DOI: https://doi.org/10.15368/theses.2018.79
Available at: https://digitalcommons.calpoly.edu/theses/1849
Date of Award
6-2018
Degree Name
MS in Computer Science
Department/Program
Computer Science
Advisor
Brian Granger
Abstract
With the emergence of big data, scientific data analysis and visualization (DAV) tools are critical components of the data science software ecosystem; the usability of these tools is becoming extremely important to facilitate next-generation scientific discoveries. JupyterLab has been considered as one of the best polyglot, web-based, open-source data science tools. As the next phase of extensible interface for the classic iPython Notebooks, this tool supports interactive data science and scientific computing across multiple programming languages with great performances. Despite these advantages, previous heuristics evaluation studies have shown that JupyterLab has some significant flaws in the data visualization side. The current DAV system in JupyterLab heavily relies on users’ understanding and familiarity with certain visualization libraries, and doesn’t support the golden visual-information-seeking mantra of “overview first, zoom and filter, then details-on-demand”. These limitations often lead to a workflow bottleneck at the start of a project.
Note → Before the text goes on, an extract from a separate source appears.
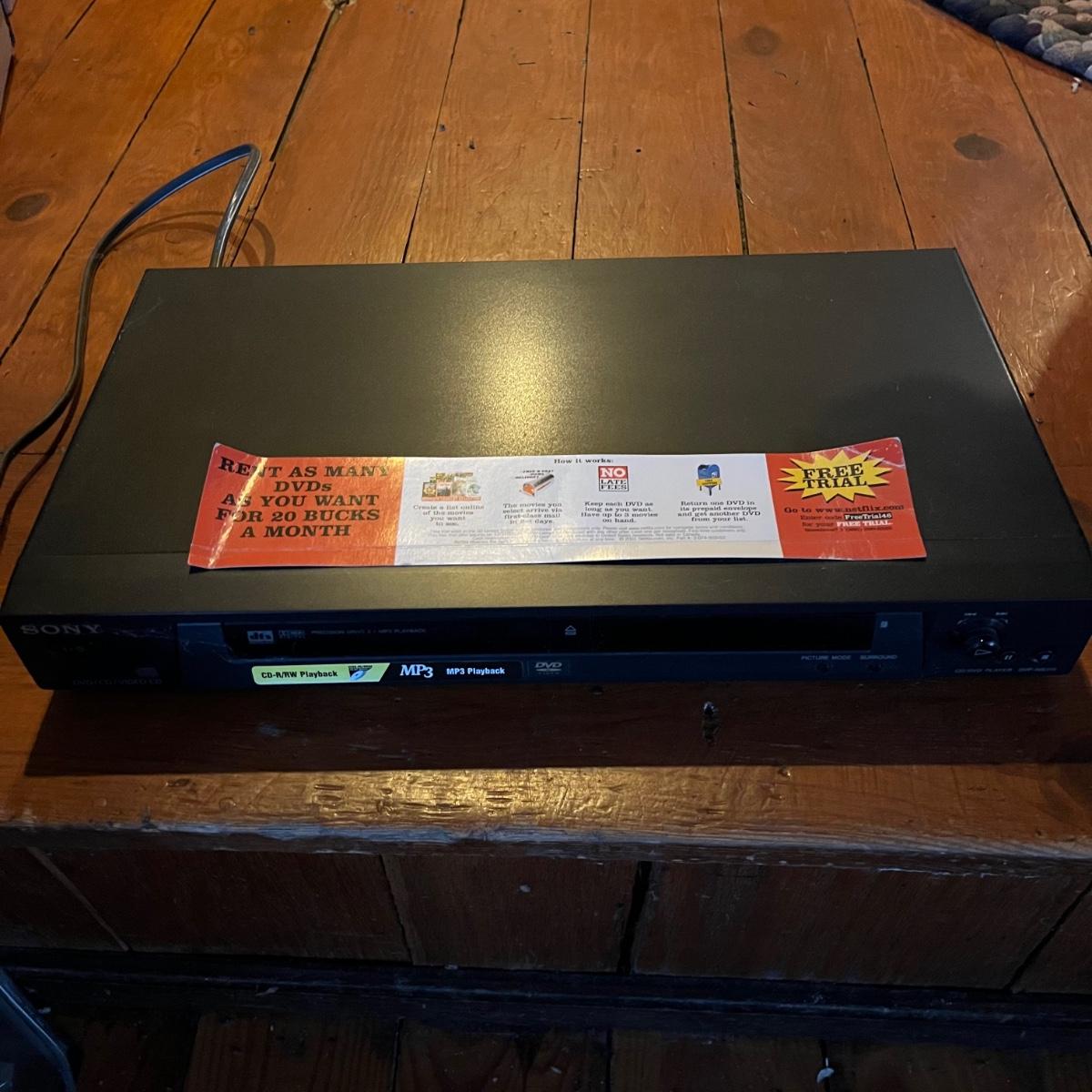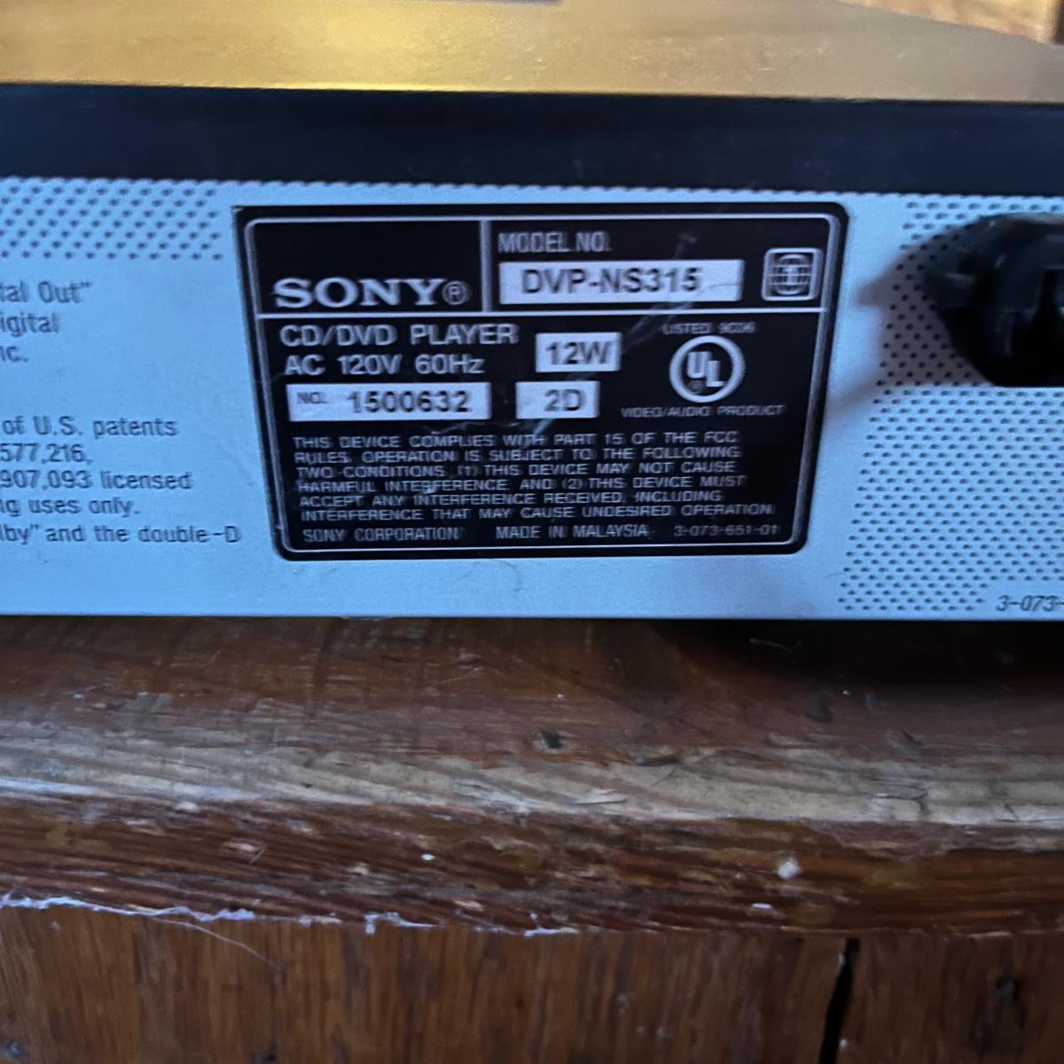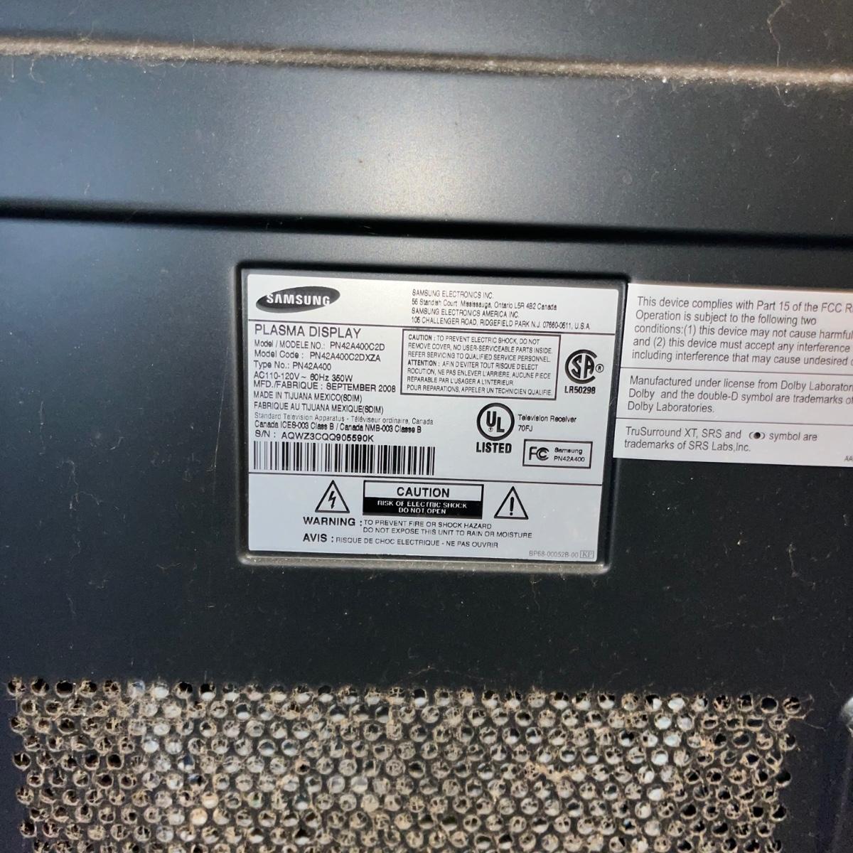 Samsung 42” Plasma TV model # PN42A400C2D with remote and a Sony DVD player model # DVP-NS315 with remote. Both machines powered on when tested. TV has wall mount attached and does not have a stand.

In this thesis, we present ‘JupyterLab_Voyager’, an extension for JupyterLab that provides a graphical user interface (GUI) for data visualization operations and couples faceted browsing with visualization recommendation to support exploration of multivariate, tabular data, as a solution to improve the usability of the DAV system. The new plugin works with various types of datasets in the JupyterLab ecosystem; using the plugin you can perform a high-level graphical analysis of fields within your dataset sans coding without leaving the JupyterLab environment. It helps analysts learn about the dataset and engage in both open-ended exploration and target specific answers from the dataset. User testings and evaluations demonstrated that this implementation has good usability and significantly improves the DAV system in JupyterLab.